In my experience, if you measure the diameter of the corrector of your mass produced Mak or SCT, and then divide that into the width of the outside portion of your secondary, you will get a CO percentage that agrees with what advertisements publish. This is a simple (simplistic?) definition that is likely legally (if not scientifically) defensible should a customer try to call them on this. The point made by others here and in other threads, is that there is MORE stuff that can happen to the light once it enters the telescope that can further reduce the "true" or I prefer the term "Effective" aperture and central obstruction. This include Primary and secondary Mirror size, Central baffle diameter, etc...

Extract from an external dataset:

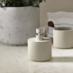 The RM Monogram soap dispenser will feel right at home in your stylish bathroom. When washing your hands, dispensing soap from this pump is a pleasure every time. It is made of light-colored resin and has a matte stainless steel top with a plunger. It features the new RM monogram. A matching toothbrush holder is also available.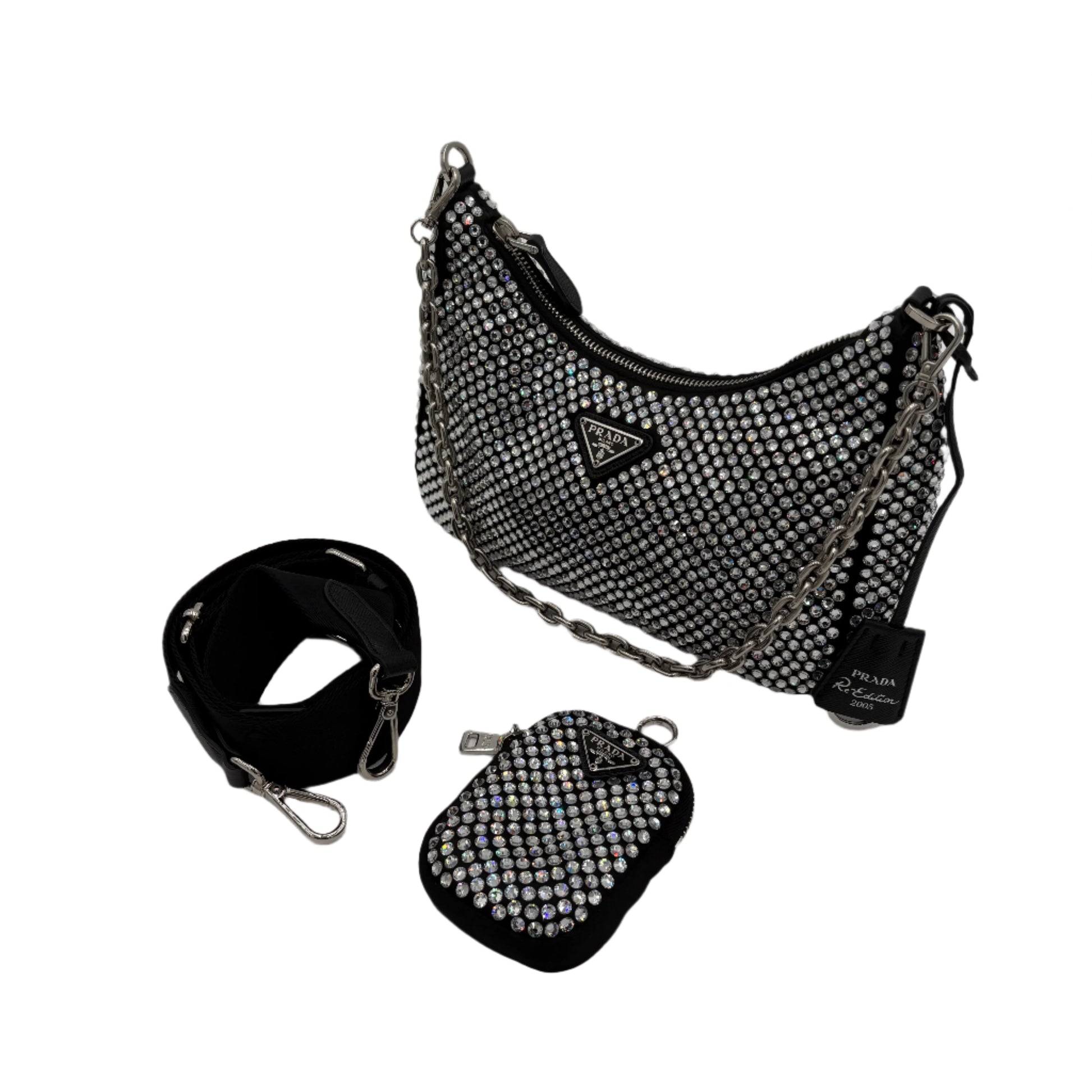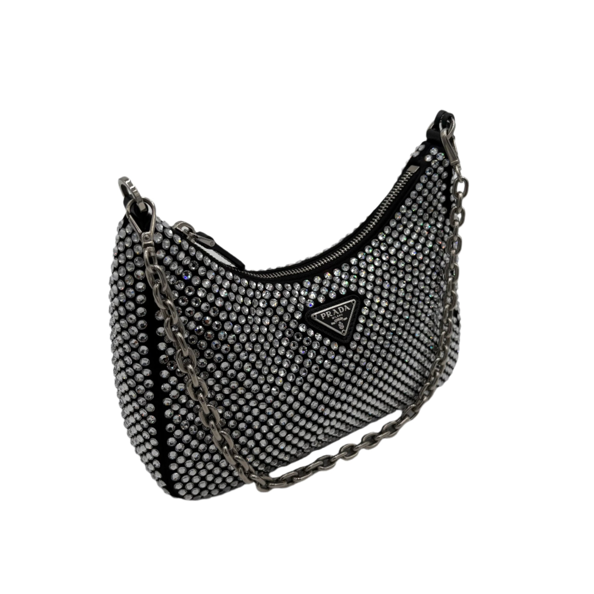 Prada Re-Edition 2005 Crystal Black Silk Crossbody

Is what the ads say WRONG? Well, not really, if one define aperture as the diameter of the front of your telescope. Do the Ads provide a COMPLETE STORY? Well, not really when one considers that other things impinge on the light path AFTER it enters the Scope. Welcome to the fuzzy world of marketing:-) In the end, Caveat Emptor, is sage advise to the buyer, as always. It always help for one to understand what they are buying before they buy it, and then not lose any sleep worrying about things. Things like collimation and optics aberrations are going to have a bigger effect on what you see than a few percent different in "effective" aperture, as is being discussed in another current thread.
My two Cents. Remember what you paid for it:-)
JMD
P.S. I would terribly remiss if I did not add, that manufacturers of premium optical systems, (like yours:-), usually take ALL the math into account when they design them:-) and report accurate numbers based on what reaches the eyepiece, rather than what the light first encounters upon entering the scope. Your customers are likely VERY knowledgeable and as such will see through any marketing haze. Which is why they are coming to you rather than some of the other options discussed here.
Edited by Wildetelescope, 17 March 2017 - 02:34 PM.